Volume 2015 | Article ID 307576 | https://doi.org/10.1155/2015/307576

Modified Weekly Cisplatin-Based Chemotherapy Is Acceptable in Postoperative Concurrent Chemoradiotherapy for Locally Advanced Head and Neck Cancer

Hsueh-Ju Lu,^1,2,3Chao-Chun Yang,^2,4,5Ling-Wei Wang,^2,6Pen-Yuan Chu,^2,7Shyh-Kuan Tai,^2,7Ming-Huang Chen,^2,4Muh-Hwa Yang,^4,8and Peter Mu-Hsin Chang^2,4

Academic Editor: Yun Yen

Received04 Sept 2014

Revised13 Nov 2014

Accepted14 Nov 2014

Published22 Feb 2015

Abstract

Background.
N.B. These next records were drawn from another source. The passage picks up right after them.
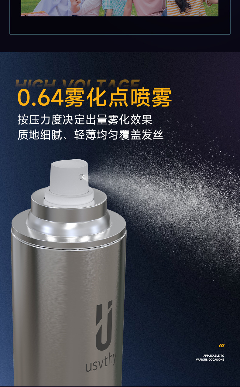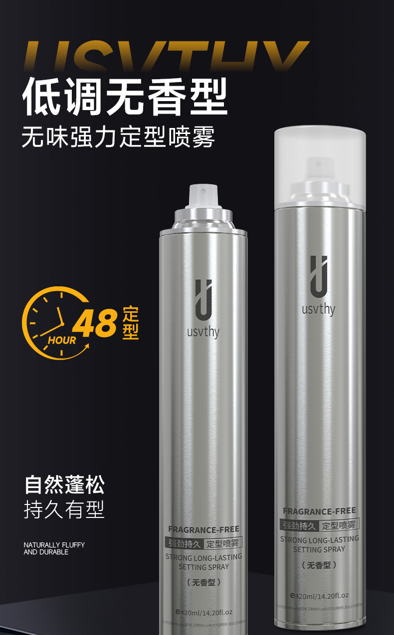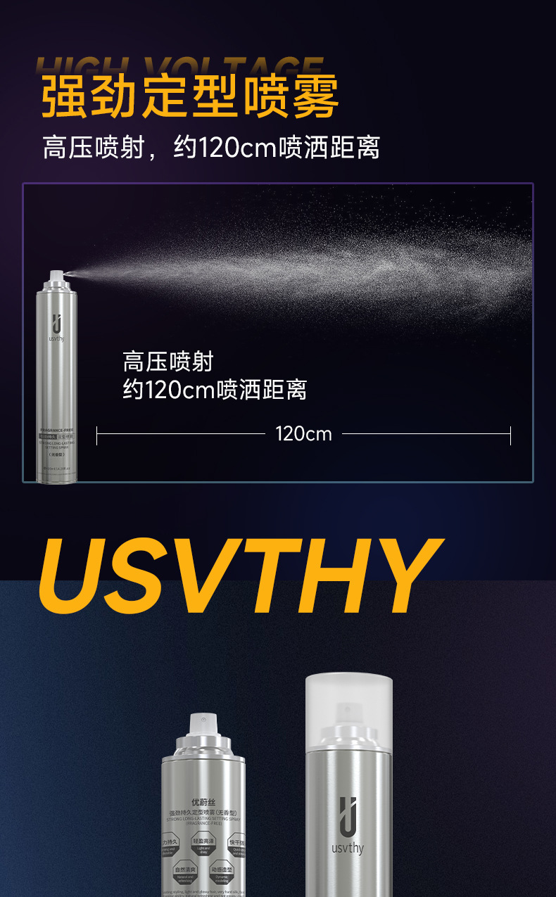 Usvthy定型スプレー自然なふわふわした男性の女性の持続的な髪のタイプのカールの粘着性の高い首のトップのヘアスプレー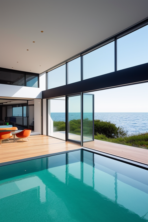 Villa, designed by Eero Saarinen, Modern Architecture, in the morning, in the ocean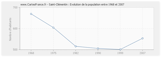 La population de Saint-Clémentin était de 554 habitants en 2007, 501 habitants en 1999, 506 habitants en 1990, 516 habitants en 1982, 605 habitants en 1975 et 670 habitants en 1968.
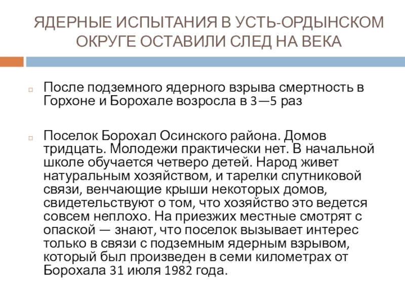 Слайд 2ЯДЕРНЫЕ ИСПЫТАНИЯ В УСТЬ-ОРДЫНСКОМ ОКРУГЕ ОСТАВИЛИ СЛЕД НА ВЕКА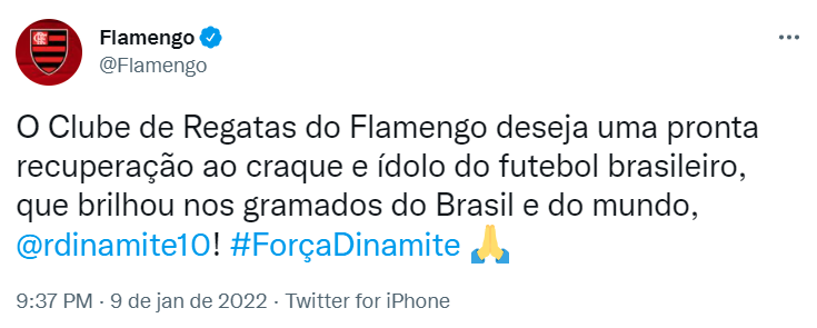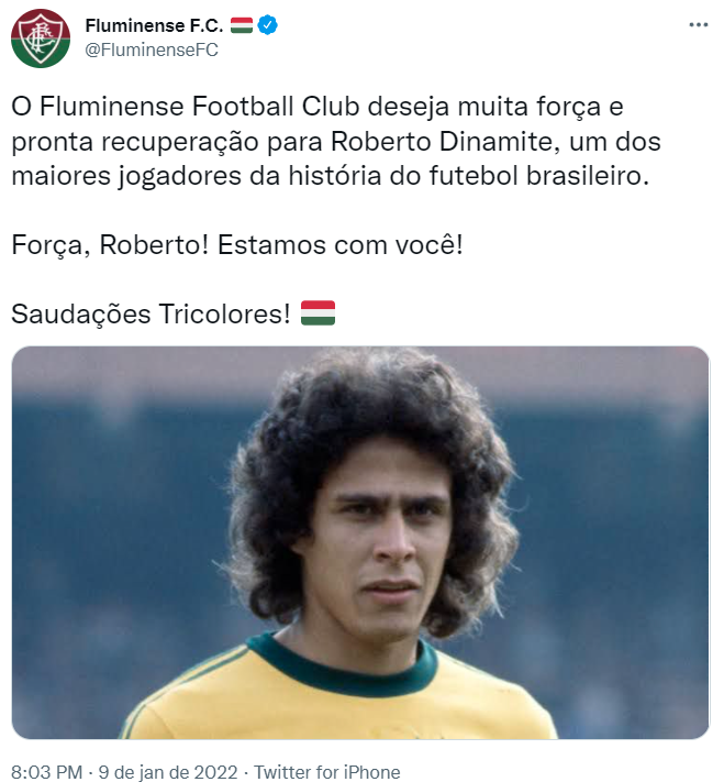 Flamengo e Fluminense divulgam mensagens de apoio a Roberto Dinamite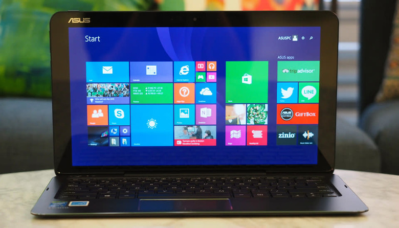 But back to the battery life. The runtime here is especially skimpy, even compared to similarly equipped Core M laptops. The 32Wh, 4,120mAh cell lasted just five hours and 51 minutes in Engadget's video rundown test. By comparison, lighter-weight machines like the Yoga 3 Pro, the new MacBook and the Dell XPS 13 all lasted somewhere between seven and a half and eight hours under the same testing conditions. The XPS 13, in particular, can probably do even better if you get it with a lower-res 1080p display. In a note to reviewers, an ASUS rep suggested opening the included ASUS "Splendid" display utility and making sure it was set to the "normal" screen profile for maximum battery life. Even then, though, the machine wasn't able to crack six hours on a charge. Not good.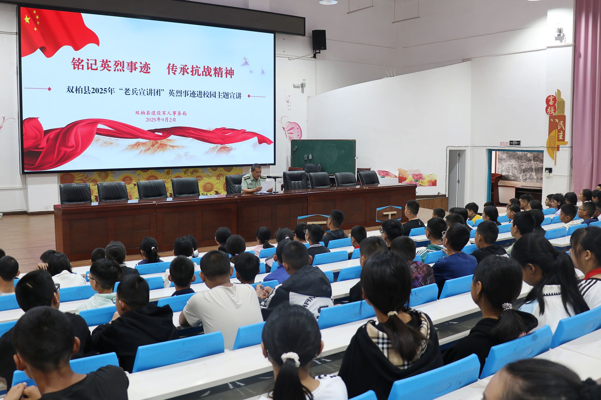 在纪念中国人民抗日战争暨世界反法西斯战争胜利80周年之际,双柏县广泛开展群众性纪念活动。9月2日上午,双柏县退役军人事务局、双柏县妥甸中学结合“红色九月”“开学第一课”活动,联合组织开展以“铭记英烈事迹、传承抗战精神”为主题的宣讲活动。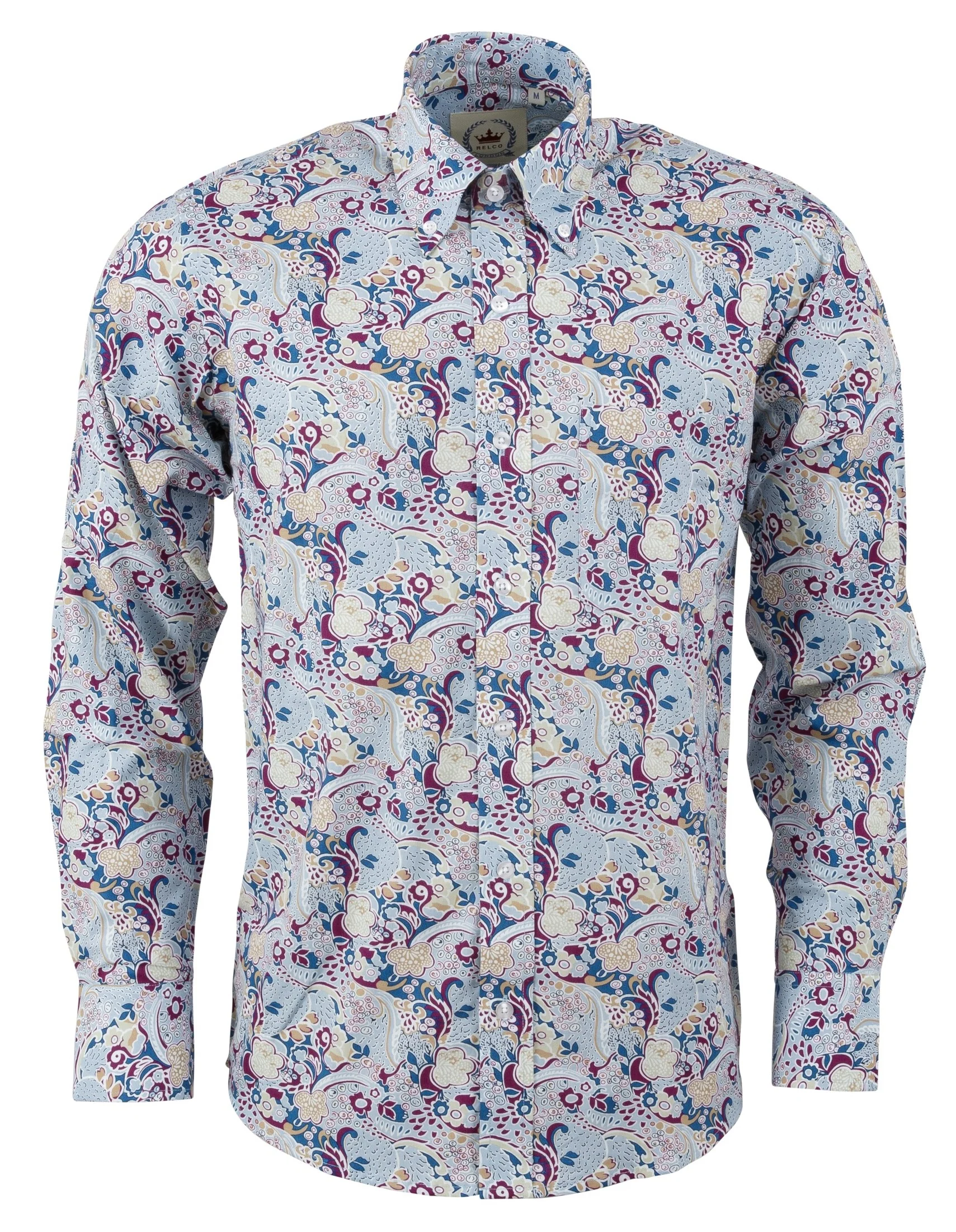 Relco Light Blue Multi Paisley Long Sleeved Retro Mod Button Down Shirt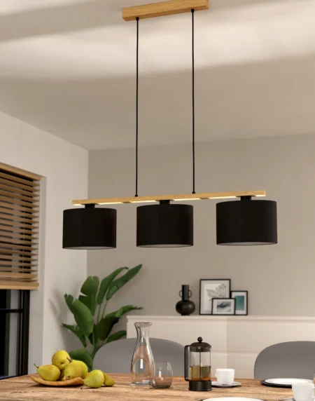 CASTRALVO 3‑Lamp Pendant – 97.5cm × 17.5cm × 110cm, Brown Wood & Black Fabric Shade, 3 × E27 Sockets, Adjustable Textile Cable, 2‑Year Warranty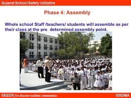 Собираются на улице у знака "Аварийный пункт сбора", где несколько отделов идут к своей цифре - их было цифр 10, наверное, сейчас уже не помню.
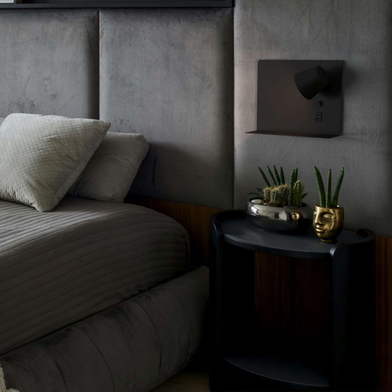 Avec son design de style nordique, cette applique s'intègre facilement dans les environnements modernes, alliant esthétique et solutions pratiques pour l'éclairage et le chargement des appareils.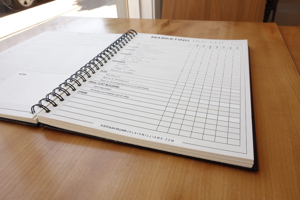 This marketing tracker is part of The Next 12 Months Months: Weekly Planner. See the entire planner in action on my website: http://alaiawilliams.com/planner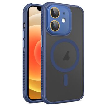 For iPhone 12 Camouflage Ice Feel Texture MagSafe PU Hybrid PC Phone Case(Dark Blue)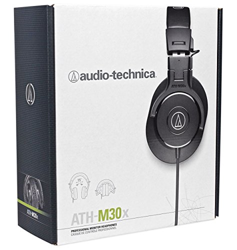 -. Feature : Designed for video production and broadcast (ENG/EFP) audio acquisition. Short length (11") ensures mic stays out of the shot -- even when used with compact digital cameras. Smooth, natural-sounding on-axis audio quality. Provides the narrow acceptance angle desirable for long-distance sound pickup. Excellent sound rejection from the sides and rear of mic. / Switchable low-frequency roll-off. Operates on battery or phantom power. RoHS compliant-free from all substances specified in the EU directive on hazardous substances. Audio Technica ATH-M30X Professional Studio Monitor Collapsible Headphones. Advanced build quality and engineering. 40 mm drivers with rare earth magnets and copper-clad aluminum wire voice coils. Tuned for enhanced detail, with excellent mid-range definition. / Circumaural design contours around the ears for excellent sound isolation in loud environments. Convenient single-side cable exit. Collapsible for space-saving portability. Designed to excel for studio tracking, mixing and field recording. Type: Closed-back dynamic. Driver Diameter: 40 mm. Magnet: Neodymium. / Voice Coil: Copper-clad aluminum wire. Frequency Response: 15 - 22,000 Hz. Maximum Input Power: 1,300 mW at 1 kHz. Sensitivity: 96 dB Impedance: 47 ohms. Weight: 220 g (7.8 oz), without cable and connector / Cable: 3.0 m (9.8'), straight, left-side exit. Accessories Included: Protective carrying pouch, 6.3 mm (1/4") screw-on adapter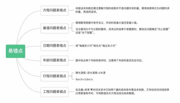 我們先來用思維導圖的方式梳理一下數(shù)量關(guān)系中常見的易錯點形式。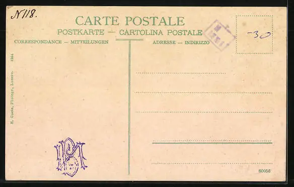 Personenbezogene Daten auf der Rückseite der Karte wurden durch blauen Textmarker unkenntlich gemacht. Die blauen Stellen sind auf die Vorderseite durchgeweicht und wirken sich negativ auf das Postkartenfoto aus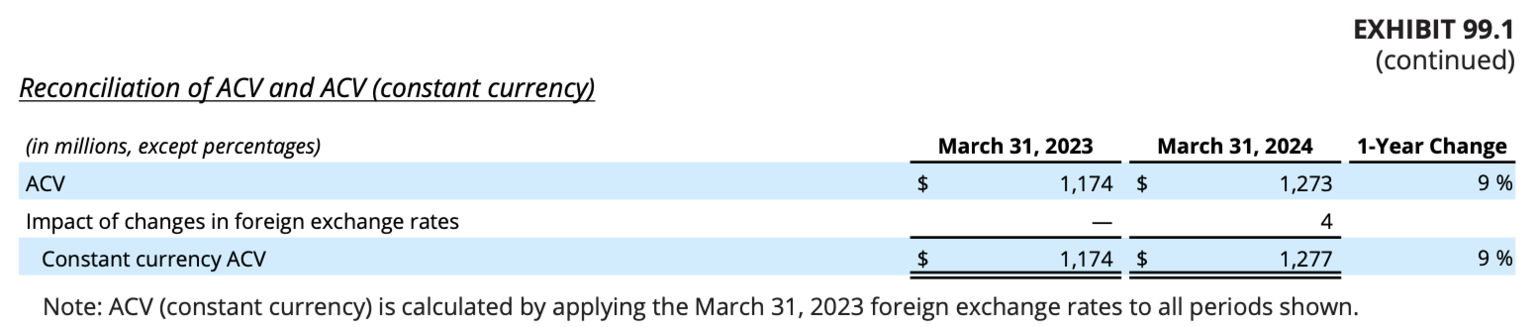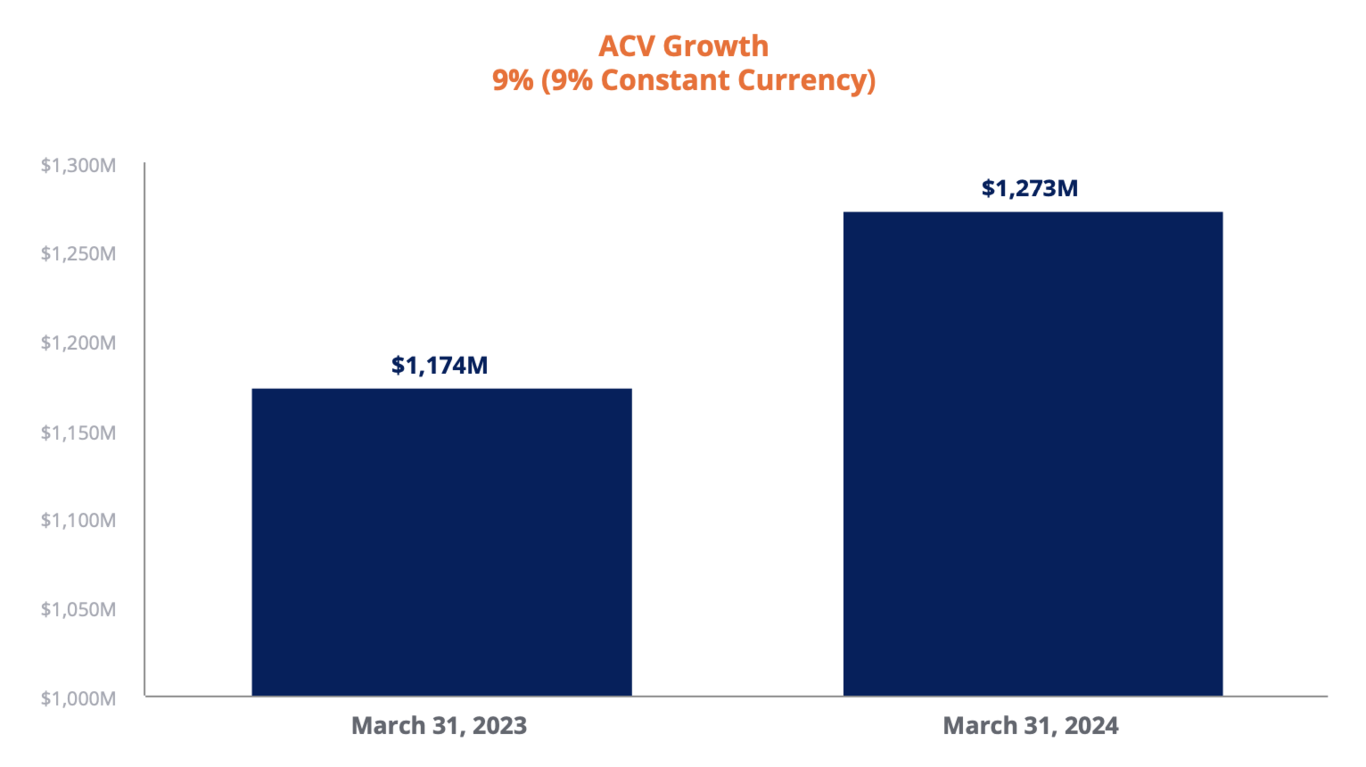 - Annual contract value (ACV) grows 9% year over year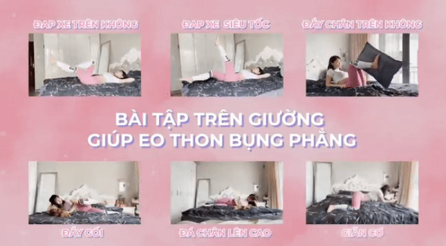 Qua đó, clip 20 phút chính là tổng hợp 6 bài tập giúp eo thon, bụng phẳng như đạp xe trên không, đạp xe siêu tốc, đẩy chân trân không, đẩy gối, đá chân lên cao, giãn cơ. Tất cả đều được thực hiện…trên giường.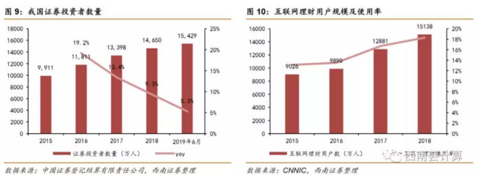 据中国证券登记结算有限责任公司发布的统计月报显示,截至2019年6月底,证券投资者数达到15428.9万户,较2018年底增长5.3%,其中自然人投资者超过15391.9万户,非自然人投资者达到37万户,为证券类APP提供了充足的用户基数。

Triweekly cisplatin-based postoperative concurrent chemoradiotherapy (CCRT) has high intolerance and toxicities in locally advanced head and neck cancer (LAHNC). We evaluated the effect of a modified weekly cisplatin-based chemotherapy in postoperative CCRT. Methods. A total of 117 patients with LAHNC were enrolled between December 2007 and December 2012. Survival, compliance/adverse events, and independent prognostic factors were analyzed. Results. Median follow-up time was 30.0 (3.1–73.0) months. Most patients completed the entire course of postoperative CCRT (radiotherapy ≥ 60 Gy, 94.9%; ≥6 times weekly chemotherapy, 75.2%). Only 17.1% patients required hospital admission. The most common adverse effect was grade 3/4 mucositis (28.2%). No patient died due to protocol-related adverse effects. Multivariate analysis revealed the following independent prognostic factors: oropharyngeal cancer, extracapsular spread, and total radiation dose. Two-year progression-free survival and overall survival rates were 70.9% and 79.5%, respectively. Conclusion. Modified weekly cisplatin-based chemotherapy is an acceptable regimen in postoperative CCRT for LAHNC.

1. Introduction

Locoregional recurrence and distant metastases are frequent after surgical resection for locally advanced head and neck cancer (LAHNC), especially for patients with poor prognostic factors, such as involvement of two or more regional lymph nodes, extracapsular spread of disease, or microscopically involved mucosal margins of resection [1, 2]. Previous studies have demonstrated that the potential value of postoperative concurrent chemoradiotherapy (CCRT) for patients with high-risk operable HNC is strong, and the results have shown benefit on locoregional control and disease-free survival [3]. However, because this postoperative CCRT regimen has the disadvantages of intolerance and poor compliance, the applicability of a modified regimen should be reevaluated.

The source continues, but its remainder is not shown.